The Yankees had come on, and, discovering them, halted. Morgan himself stepped out in the road and shot the officer riding at the head of the column. His men fell back without returning the fire, deployed and opened up. Dan recognized the very tree behind which he had stood, and again he could almost hear Richard Hunt chuckling from behind another close by.
“We would be in bad shape,” said Richard Hunt, as the bullets whistled high overhead, “if we were in the tops of these trees instead of behind them.” There had been no maneuvering, no command given among the Confederates. Each man fought his own fight. In ten minutes a horse-holder ran up from the rear, breathless, and announced that the Yankees were flanking. Every man withdrew, straightway, after his own fashion, and in his own time. One man was wounded and several were shot through the clothes.
“That was like a camp-meeting or an election row,” laughed Morgan, when they were in camp.
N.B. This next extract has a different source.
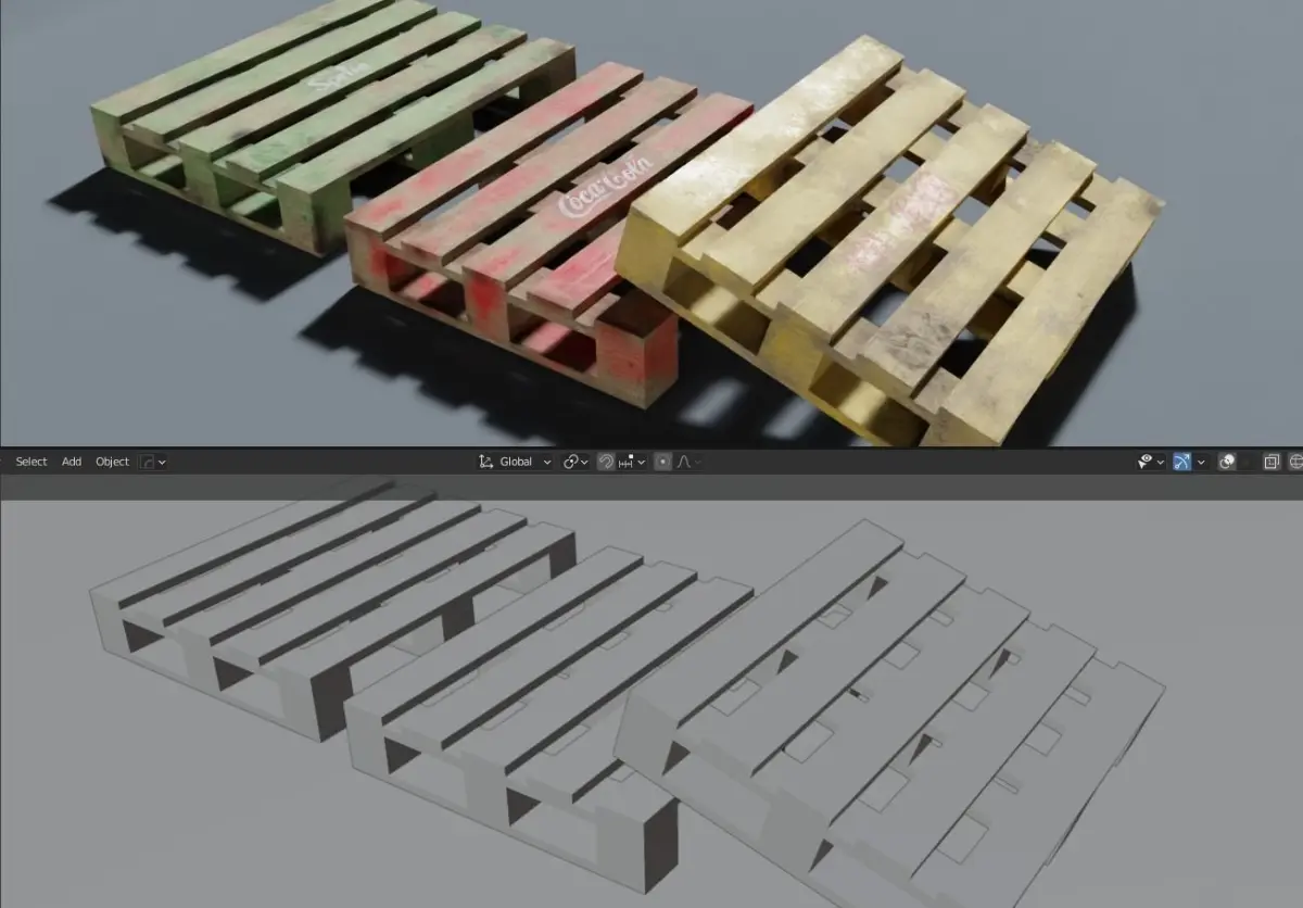 Each pallet is 204 triangles making it suitable for Games, Virtual Reality (VR) or Augemented Reality (AR).

“Or an affair between Austrian and Italian outposts,” said Hunt.
A chuckle rose behind them. A lame colonel was limping past.
“I got your courier,” he said.
“I sent no courier,” said Morgan.
“It was Forbes who wanted to charge ’em,” said Dan.
Again the Colonel chuckled.
“The Yankees ran when you did,” he said, and limped, chuckling, away.
But it was great fun, those moonlit nights, burning bridges and chasing Home Guards who would flee fifteen or twenty miles sometimes to “rally.” Here was a little town through which Dan and Richard Hunt had marched with nine prisoners in a column—taken by them alone—and a captured United States flag, flying in front, scaring Confederate sympathizers and straggling soldiers, as Hunt reported, horribly. Dan chuckled at the memory, for the prisoners were quartered with different messes, and, that night, several bottles of sparkling Catawba happened, by some mystery, to be on hand. The prisoners were told that this was regularly issued by their commissaries, and thereupon they plead, with tears, to be received into the Confederate ranks.
This kind of service was valuable training for Morgan’s later work. Slight as it was, it soon brought him thirty old, condemned artillery-horses—Dan smiled now at the memory of those ancient chargers—which were turned over to Morgan to be nursed until they would bear a mount, and, by and by, it gained him a colonelcy and three companies, superbly mounted and equipped, which, as “Morgan’s Squadron,” became known far and near. Then real service began.